[Stored entries]
────────────────────

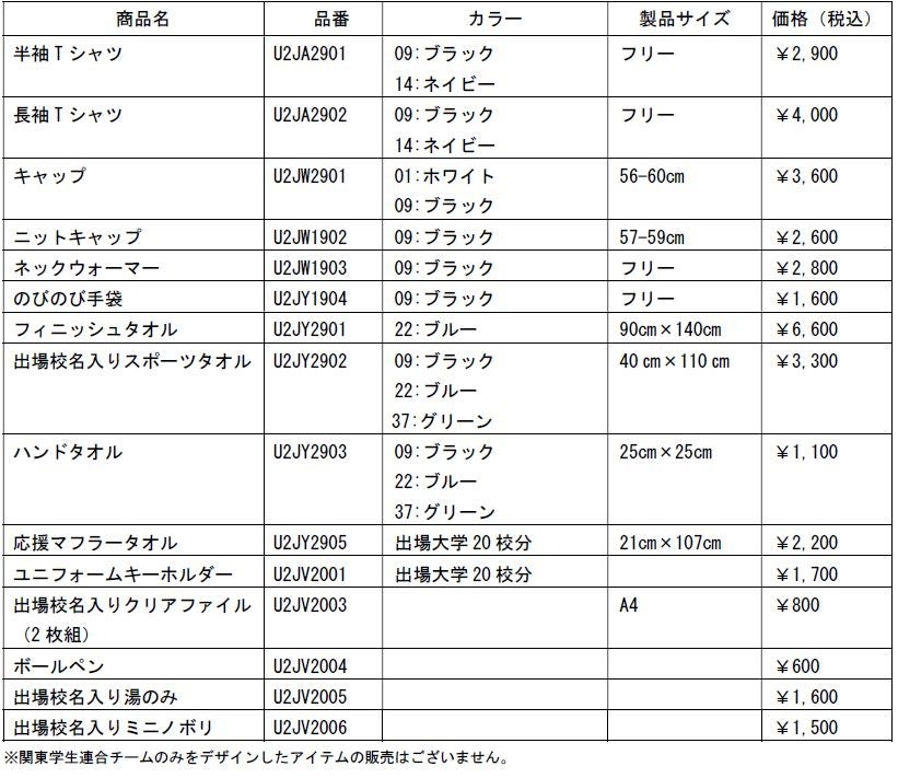 今回発売する第99回箱根駅伝オフィシャルグッズは、大会記念Tシャツや出場校のたすきをデザインしたマフラータオルやキーホルダー、選手が走り終えた後に使われるフィニッシュタオル、寒い冬に役立つネックウォーマーや手袋など全15種のアイテムを幅広く取り揃えています。
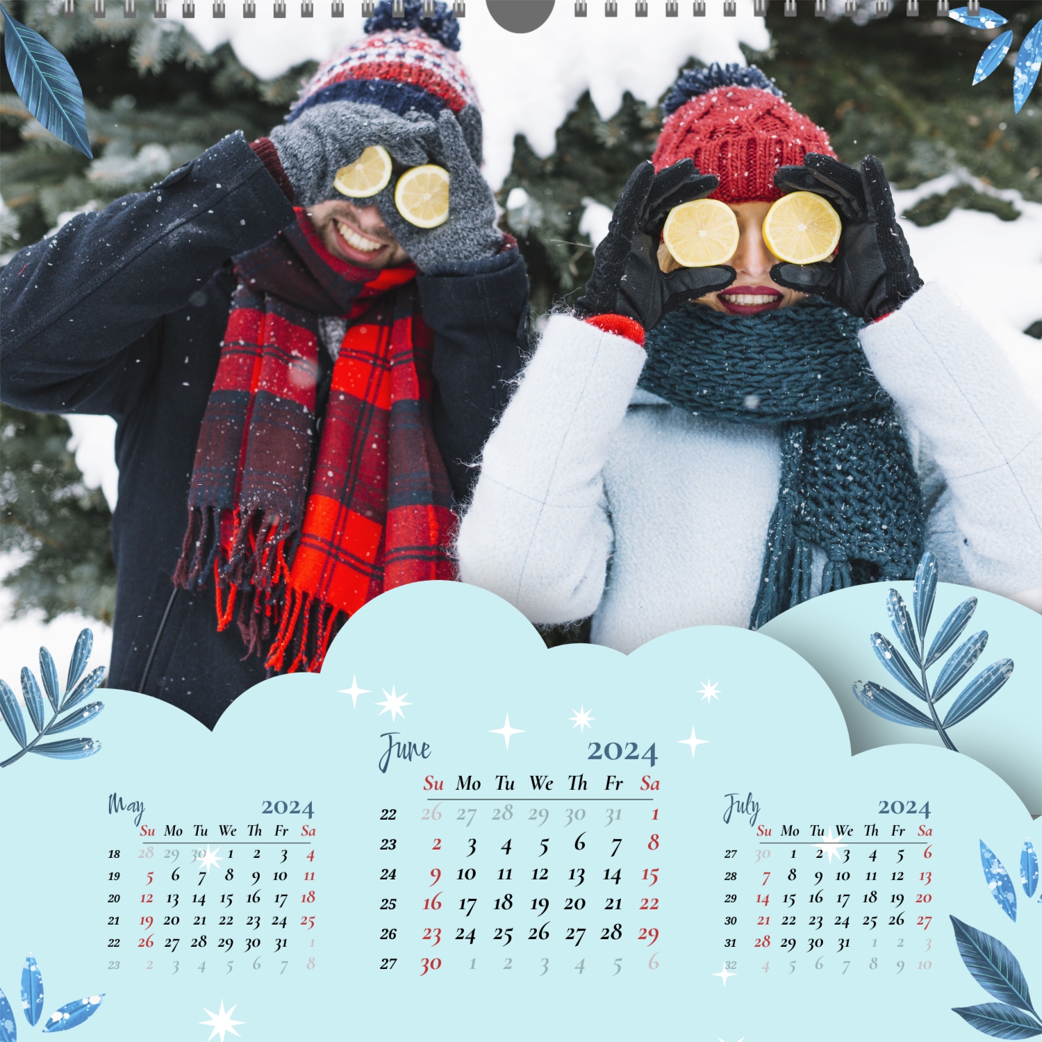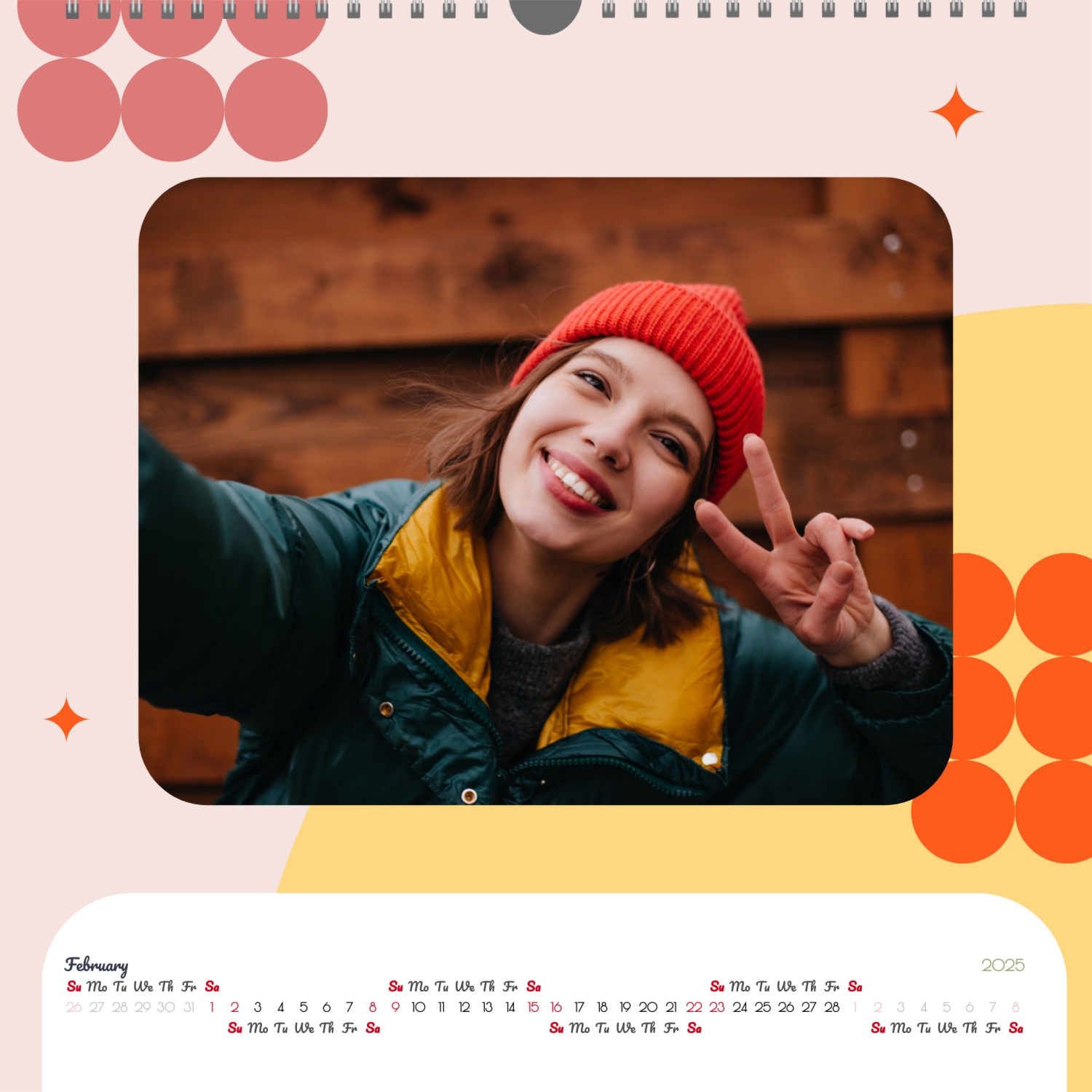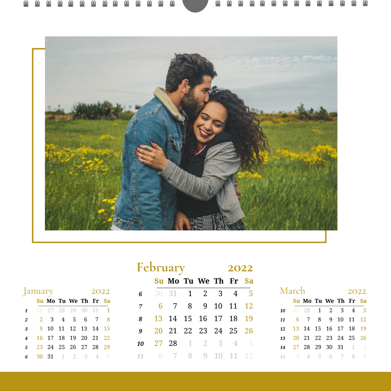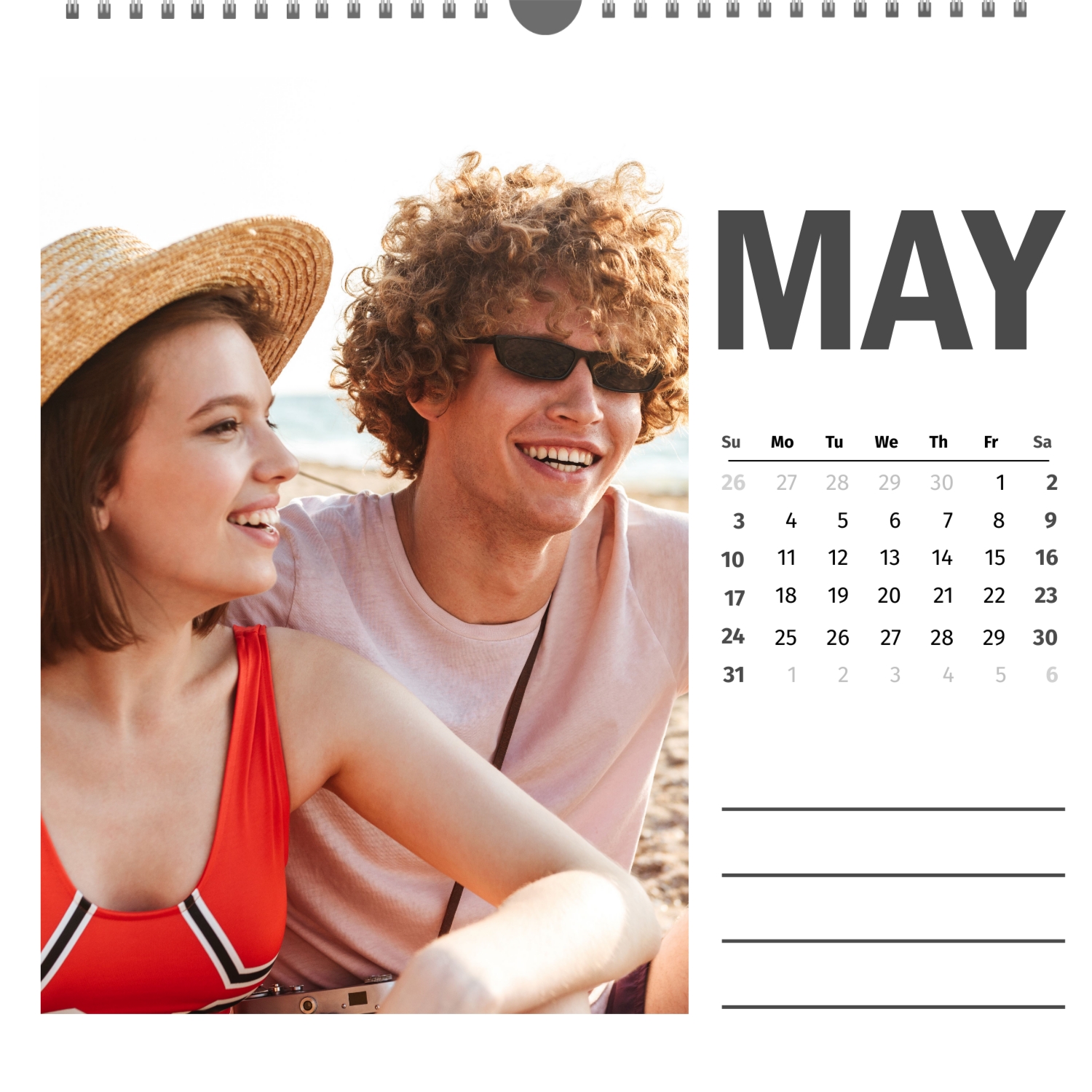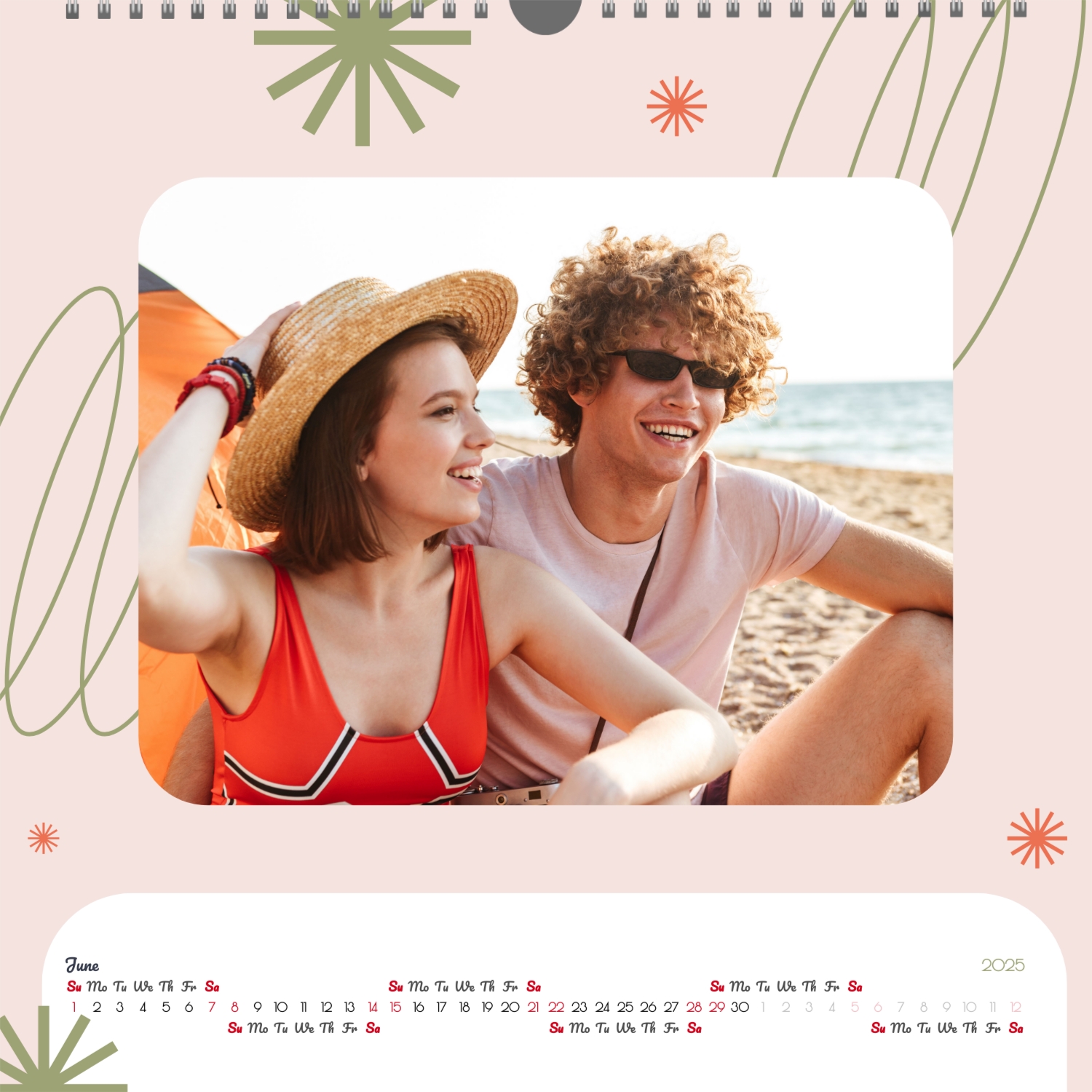 A ready–made wall calendar template for a couple in love is the perfect way to create a unique and touching gift. It has a romantic design that highlights the special bond between the partners. Such a square wall calendar can become not only a pleasant souvenir, but also a stylish interior element. This template is great for photographers specializing in love story, as it can be used to create beautiful professional images. It will also be useful for designers and bloggers working in the romantic field, and it is also ideal for owners of wedding agencies who want to offer customers an unusual gift. The main advantage of this calendar is the possibility of full personalization in our online calendar builder. You can upload your photos, change the background, add memorable dates, romantic captions, or even funny comments to each month. Thanks to the simple and intuitive interface, editing will take a minimum of time, and the result will delight with personality and high quality. By creating such a calendar with your own hands, you put warmth and care into it, making it really special.
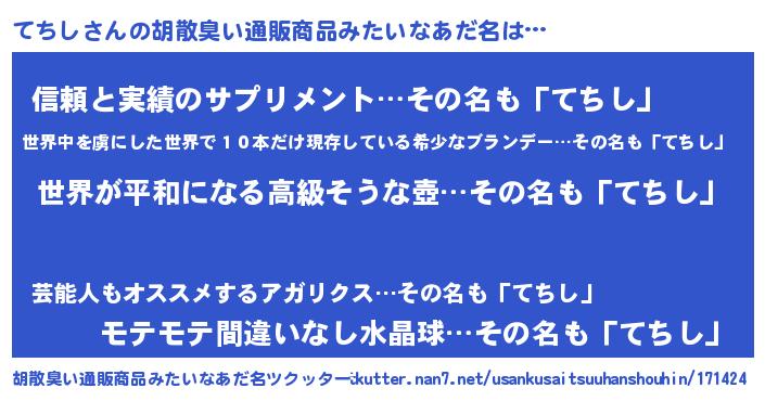 | 男性向けラノベタイトル風あだ名 | 『転生したらてちしだった件』 |
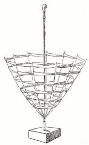 One of the best tricks of De Kolta is called, "The Miraculous Production of Flowers." It may be exhibited on the stage or in the drawing-room, and is equally effective in either place. The performer shows an umbrella from which the covering has been removed and its place supplied by multicolored ribbons, which go from rib to rib, leaving a space between. He then opens this umbrella, and stands it upside down on the stage, resting the ferrule end in a piece of metal tubing, which, in turn, is supported by a stand. He also shows two or three empty shallow wicker baskets, and a sheet of heavy brown paper. His arms being bared to prevent the possibility of anything being concealed in his sleeves, he folds, or rather twists, a sheet of paper into a cone or cornucopia. Every one knows this cone is empty, as they have seen it made, and yet the performer shakes from it enough flowers to fill not only the baskets, but also the inverted umbrella. Every once in a while, when the supply of flowers is apparently exhausted, the paper is opened and shown to be empty, and yet, when again rolled up, the flowers pour from it in as great volume as at first.
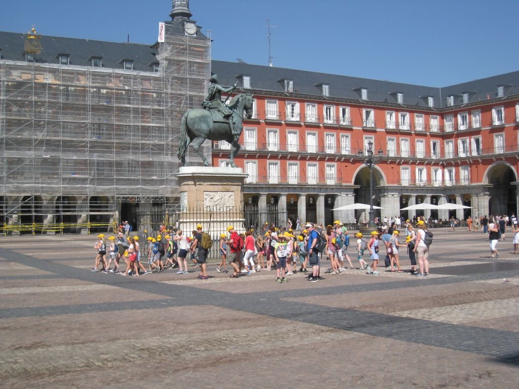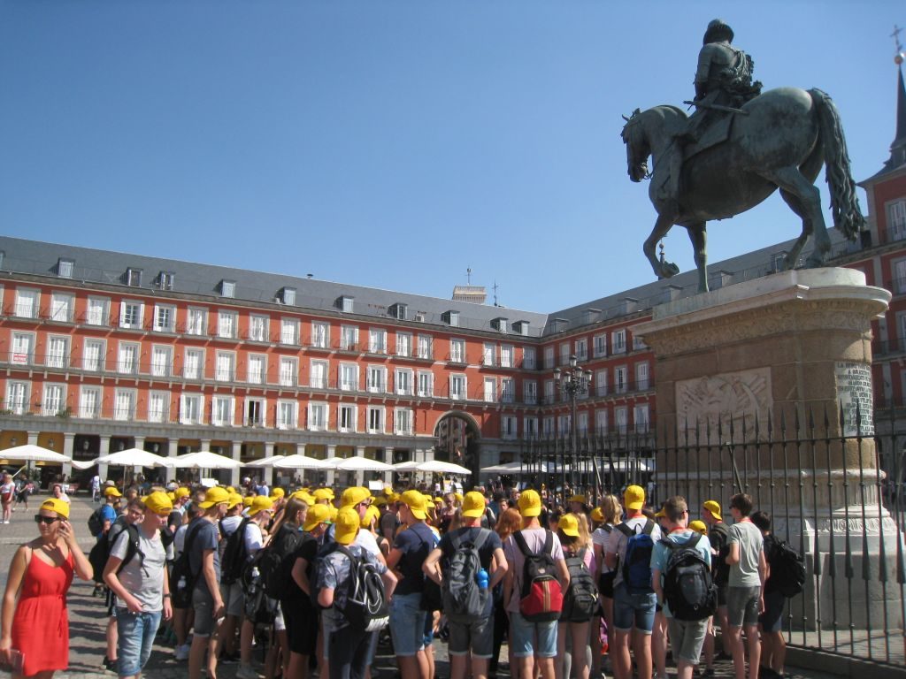 Gut und schon von weitem sichtbar sind sie ja, unsere neuen, von Bischof Wübbe beim Aussendungsgottesdienst gesegneten gelben Caps. Und so machte es sich echt “bezahlt”, dass bei der Fahrt nach Madrid (fast) alle Schülerinnen und Schüler diese Caps aufhatten. Und bei dem herrlich-heißen Sonnenwetter war das sowieso besser …
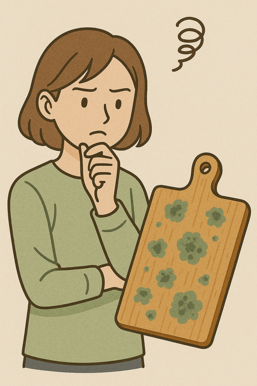 包丁で付いた細かな切り傷は、カビが躍り込むVIPルーム。そこへ肉や魚のタンパク質、野菜の糖質が入り込み、酸素も潤沢──黒カビにとっては三ツ星ビュッフェです。定期的に表面をサンドペーパーで軽く研磨し、溝に潜む汚れをそぎ落とすメンテナンスが効果大。🔪
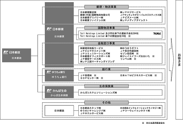 3.上記関係会社のうち、ゆうちょ銀行及びかんぽ生命保険については、平成27年9月10日付で有価証券届出書を提出し、また、平成27年11月4日付で東京証券取引所市場第一部に株式を上場したことにより、平成28年3月期より有価証券報告書を提出しております。
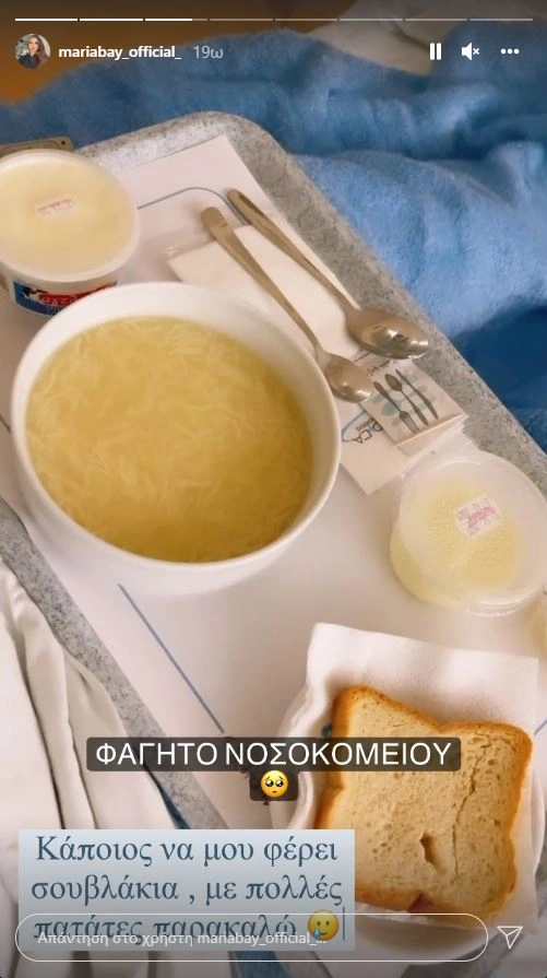 Νωρίτερα και με αφορμή το φαγητό του νοσοκομείου που δεν της άρεσε, έδειξε πως δε χάνει το χιούμορ της ούτε αυτές τις στιγμές, ανεβάζοντας σε στόρι την παρακάτω φωτογραφία.

────────────────────

> _Task brief_
Each entry needs to be returned verbatim, with its pictures left out.

> _Solution below_
 今回発売する第99回箱根駅伝オフィシャルグッズは、大会記念Tシャツや出場校のたすきをデザインしたマフラータオルやキーホルダー、選手が走り終えた後に使われるフィニッシュタオル、寒い冬に役立つネックウォーマーや手袋など全15種のアイテムを幅広く取り揃えています。
 A ready–made wall calendar template for a couple in love is the perfect way to create a unique and touching gift. It has a romantic design that highlights the special bond between the partners. Such a square wall calendar can become not only a pleasant souvenir, but also a stylish interior element. This template is great for photographers specializing in love story, as it can be used to create beautiful professional images. It will also be useful for designers and bloggers working in the romantic field, and it is also ideal for owners of wedding agencies who want to offer customers an unusual gift. The main advantage of this calendar is the possibility of full personalization in our online calendar builder. You can upload your photos, change the background, add memorable dates, romantic captions, or even funny comments to each month. Thanks to the simple and intuitive interface, editing will take a minimum of time, and the result will delight with personality and high quality. By creating such a calendar with your own hands, you put warmth and care into it, making it really special.
 | 男性向けラノベタイトル風あだ名 | 『転生したらてちしだった件』 |
 One of the best tricks of De Kolta is called, "The Miraculous Production of Flowers." It may be exhibited on the stage or in the drawing-room, and is equally effective in either place. The performer shows an umbrella from which the covering has been removed and its place supplied by multicolored ribbons, which go from rib to rib, leaving a space between. He then opens this umbrella, and stands it upside down on the stage, resting the ferrule end in a piece of metal tubing, which, in turn, is supported by a stand. He also shows two or three empty shallow wicker baskets, and a sheet of heavy brown paper. His arms being bared to prevent the possibility of anything being concealed in his sleeves, he folds, or rather twists, a sheet of paper into a cone or cornucopia. Every one knows this cone is empty, as they have seen it made, and yet the performer shakes from it enough flowers to fill not only the baskets, but also the inverted umbrella. Every once in a while, when the supply of flowers is apparently exhausted, the paper is opened and shown to be empty, and yet, when again rolled up, the flowers pour from it in as great volume as at first.
 Gut und schon von weitem sichtbar sind sie ja, unsere neuen, von Bischof Wübbe beim Aussendungsgottesdienst gesegneten gelben Caps. Und so machte es sich echt “bezahlt”, dass bei der Fahrt nach Madrid (fast) alle Schülerinnen und Schüler diese Caps aufhatten. Und bei dem herrlich-heißen Sonnenwetter war das sowieso besser …
 包丁で付いた細かな切り傷は、カビが躍り込むVIPルーム。そこへ肉や魚のタンパク質、野菜の糖質が入り込み、酸素も潤沢──黒カビにとっては三ツ星ビュッフェです。定期的に表面をサンドペーパーで軽く研磨し、溝に潜む汚れをそぎ落とすメンテナンスが効果大。🔪
 3.上記関係会社のうち、ゆうちょ銀行及びかんぽ生命保険については、平成27年9月10日付で有価証券届出書を提出し、また、平成27年11月4日付で東京証券取引所市場第一部に株式を上場したことにより、平成28年3月期より有価証券報告書を提出しております。
 Νωρίτερα και με αφορμή το φαγητό του νοσοκομείου που δεν της άρεσε, έδειξε πως δε χάνει το χιούμορ της ούτε αυτές τις στιγμές, ανεβάζοντας σε στόρι την παρακάτω φωτογραφία.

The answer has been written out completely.